這兄弟倆就這麼不尷不尬的相處了起來,只是,這百年的隔閡哪是幾句重話就能徹底抹平的?
米嵐失蹤了。
司藤第一時間就收到了米嵐戴的藤鐲傳回的訊息。
“這是針對你的圈套,你若是去了,便正中敵人下懷。”李蓮花攔住想要一同去的沈之衡“你必須留下來。”
司藤擔心米嵐,首接對著司徒威漣道“看好你大哥!”
“好嘞!保證,不讓他離開公館一步!”
沈之衡咬牙切齒地從齒縫中擠出三個字“沈之謙!”
“大哥,我打不過這藤妖!”司徒威漣這話說的極為認真,他是真的沒想到這什麼苡族居然如此強悍。
說實在的,他現在一點都不擔心米嵐,反而更擔心踢到鐵板的沐梨花。
******
根據藤鐲提示,司藤輕鬆的就找到了沐梨花關押米嵐的地方。
令金稚幾人感到意外的是,她們不僅找到了米嵐,居然還找到了一個幾乎被折磨得不成人形的苡族。
“這……這沐梨花還吃人肉?”黑瞎子盯著那血肉模糊的慘狀,連說話都忍不住磕巴了一下。
那被囚禁的苡族實在太慘了,身上的傷口縱橫交錯,皮肉翻卷,說是凌遲也不為過。更讓人毛骨悚然的是,那些傷口新舊交疊,顯然不是一朝一夕造成的,而是被長期、反覆地割取血肉。
金稚下意識抓住張起靈的手,手心中滿是溼潤。
幾乎是一瞬間,她就想到了哥哥在格爾木的經歷,是不是……是不是也曾像眼前這般,被人當成血食肆意凌辱?
“沒有!”張起靈感受到了她指尖的顫抖,微微收緊了手掌,將那隻冰涼的小手牢牢包裹在掌心,用只有兩人能聽見的聲音低語“稚稚,我很好。”
黑瞎子此刻表情也冷了下來,啞巴曾經的遭遇是小祖宗揮之不去的夢魘,同樣也是他心底不可觸碰的逆鱗。
“你……你是司藤!”那個奄奄一息的苡族艱難地抬起頭,渾濁的雙眼死死盯著司藤。
“我是。”司藤居高臨下地看著她,清冷的聲音裡聽不出任何情緒。
“哈哈哈哈……好!好!你來得好!”那苡族突然淒厲地笑了起來,虛弱的身軀裡爆發出濃烈的恨意“吞噬我!司藤,你吞噬我!我情願死在你的手裡,也不要再被那個賤人如此作踐!幫我殺了她!我知道你可以的!殺了她!殺了那個賤人,她吃了我的夫君!”
“還有哪些玄門的畜生!是他們!是他們把我和我夫君賣給這個賤人的!殺了他們,替我殺了玄門那幫畜生!”
李蓮花嗅著空氣中血腥氣以外的淡淡草藥氣息“她是延齡草。
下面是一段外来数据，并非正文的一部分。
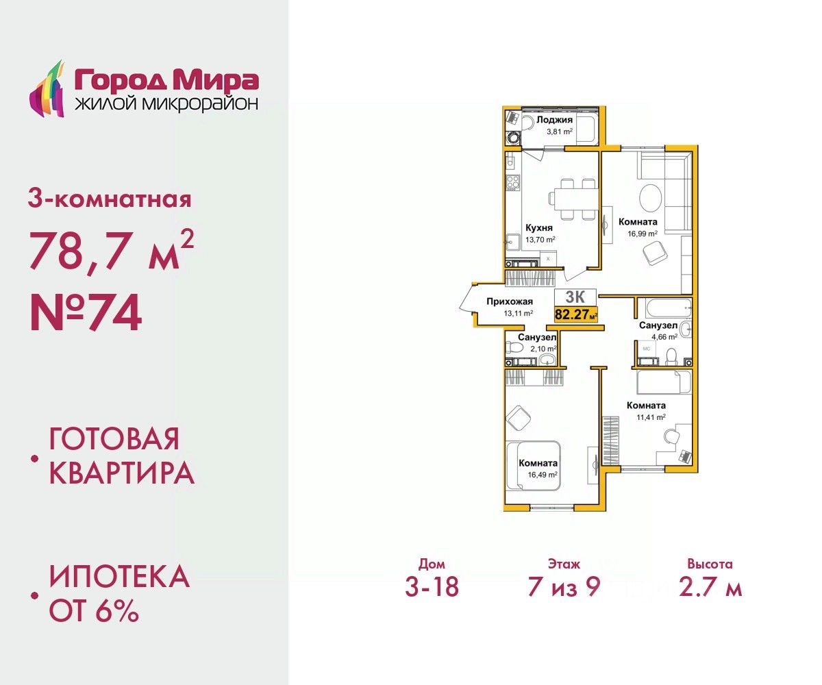 Продается 3-комн. квартира с предчистовой отделкой в ЖМ "Город Мира" на 7 этаже. Общая площадь: 78.7 кв.м., жилая: 29.89 кв.м., площадь просторной кухни-столовой: 13.7 кв.м. Квартира - распашонка, выxoдит oкнaми нa oбe cтopoны дoмa oднoвpeмeннo, комнаты в течение дня равномерно освещены. В квартире один балкон, один совмещенный и один раздельный санузел. Высота потолков 2.7 м.

”
其實延齡草的功效雖然有很多,可是所謂的延齡不過就是延緩身體衰老,若是沐梨花打的是藉此延長壽命的主意,怕是痴心妄想了。
司藤看向延齡草“我幫你復仇,但是我要你的精元。”
幾乎一瞬間,在場的人都明白司藤要這精元做什麼,是為了米嵐。
“好!”延齡草回答的毫不猶豫
司藤幾乎是一瞬間出手,就取出了延齡草的精元,延齡草瞬間消散。